Ethylene Carbonate, melting point: 34~37℃
Dimethyl Carbonate, melting point: 2~4℃
Do you see the melting points of these two substances? Ethylene carbonate solidifies at room temperature, and dimethyl carbonate becomes a solid at 0°C. Then when the lithium-ion battery is in a low temperature environment, the viscosity of the electrolyte will increase, and in severe cases, it will even partially solidify. Lithium ions migrate in the frozen electrolyte, which is very difficult to think about.
At low temperatures, the migration of lithium ions is hindered. The most significant impact is that the internal resistance of the battery will greatly increase, and the terminal voltage of the lithium-ion battery (terminal voltage = open circuit voltage-current x battery internal resistance) drops. When the mobile phone detects lithium ions When the battery is at a low voltage, it will warn you that the battery is low when thinking that the battery is almost dead, and even automatically shut down to protect the battery. In fact, the lithium-ion battery obviously has so much power, but it just can't show it.
In order to overcome this problem, scientists are also working hard to develop electrolyte additives and low-temperature electrolytes so that lithium-ion batteries can be used normally at low temperatures.
For the lithium-ion battery on the mobile phone, is there a way to prevent it from losing power so quickly in winter?
Of course, there is a way. You don't use your mobile phone in the cold outdoors. Find a warm place, such as in a heated room, and keep your small mobile phone without being ill-tempered. By the way, isn’t it good to play with a mobile phone in a heating room? If you really want to use your mobile phone outdoors in the cold, use it as soon as possible, and put it in your pocket as soon as you use it. Don’t worry if your phone is frozen and stupid. Put it in a warm place and it can recover and be used normally.

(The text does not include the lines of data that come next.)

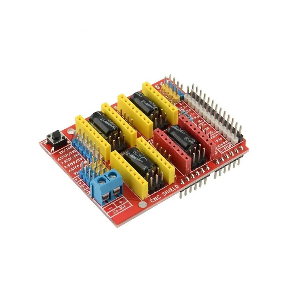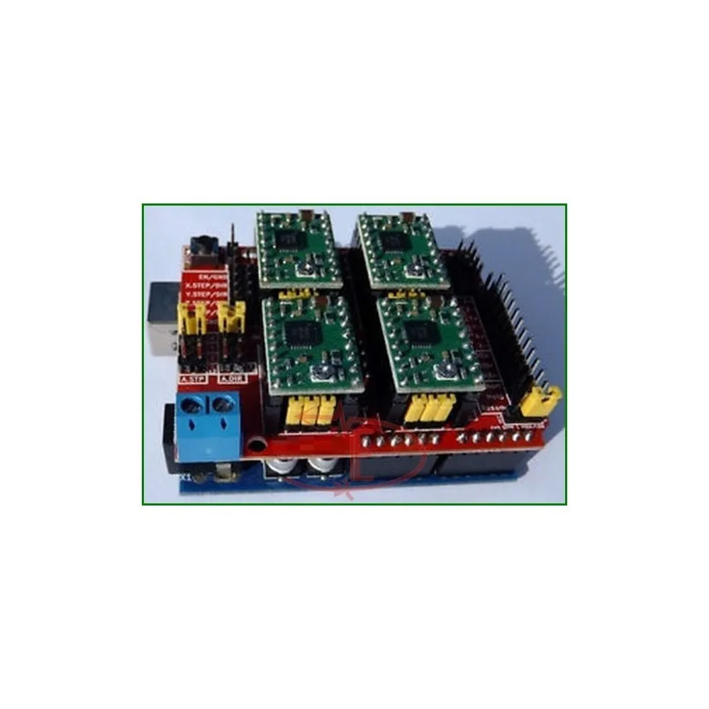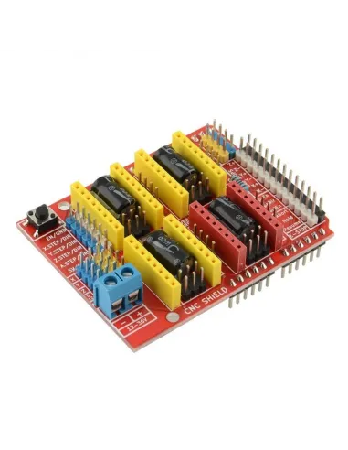 El CNC Shield para Arduino, hace que sus proyectos CNC sean faciles de montar haciendolos que funcionen en unas pocas horas. Utiliza el firmware de codigo abierto en Arduino para controlar 4 motores paso a paso (PAP o Stepper), donde cuenta con 4 zocalos, para insertar 4 controladores A4988. Con este Shield y un Arduino usted puede construir todo tipo de proyectos de robotica o proyectos CNC incluyendo enrutadores CNC, cortadoras laser e incluso maquinas pick & place´s (P&Ps), para el montaje de componentes SMD en circuitos electronicos.
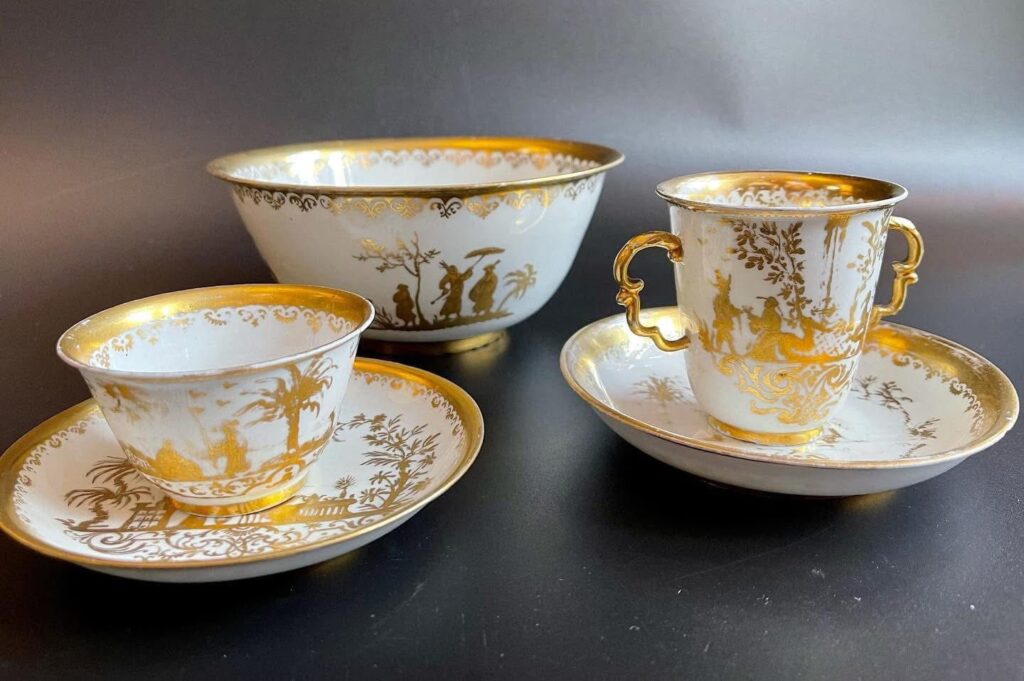 To właśnie ta porcelana stanowi europejską odpowiedź na porcelanę chińską (po wcześniejszych nieudanych próbach i produkcji porcelany miękkiej we Włoszech i Francji) – i od razu odznaczała się niezwykle oryginalnymi dekoracjami. Najczęściej spotykana jest seria gold chinoiserie, wykonywana przez augsburskich złotników, m.in. Abrahama i Bartholomäusa Seuterów oraz Johanna Aufenwertha (poniżej jedyny w Polsce przykład pracy tego artysty z jego podpisem- wkrótce w Muzeum Florian Radziej). Początkowo bowiem tylko złotnicy posiadali odpowiednią technikę zdobienia porcelany – był to czas sprzed opracowania emalii naszkliwnych przez Johanna Gregora Höroldta.
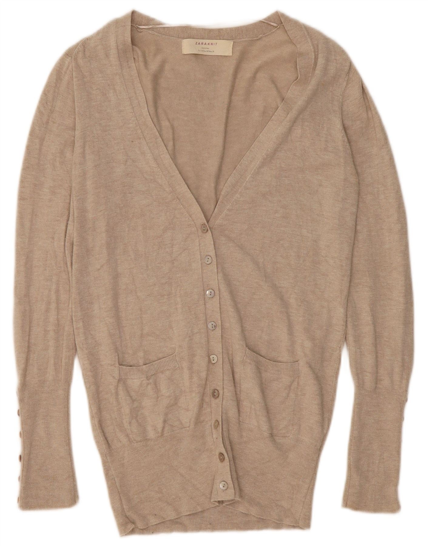 Zara Dame Cardigan Sweater UK 12 Medium Beige Rayon

In fact, in winter, you should pay more attention not to charge your mobile phone in low temperature. As mentioned earlier, the migration rate of lithium ions at low temperatures will decrease. When charging lithium-ion batteries at low temperatures, the rate of lithium ions being inserted into the graphite layer is relatively slow, and there will be no time for lithium ions to be inserted into the graphite layer, but directly Electrons are obtained on the graphite surface to form metallic lithium. This process is called "lithium precipitation". Part of the precipitated metallic lithium becomes inactive, that is, it will not participate in the future lithium ion migration and becomes "dead lithium".
Smart, you must have thought that when there are less lithium ions involved in the migration during charging and discharging, the capacity of the lithium ion battery will also be reduced. This capacity degradation is irreversible, even if you take the battery back to a warm place. , It can't be restored. At this time, there are only two solutions-changing the battery or changing the phone (there is one more reason to change the phone).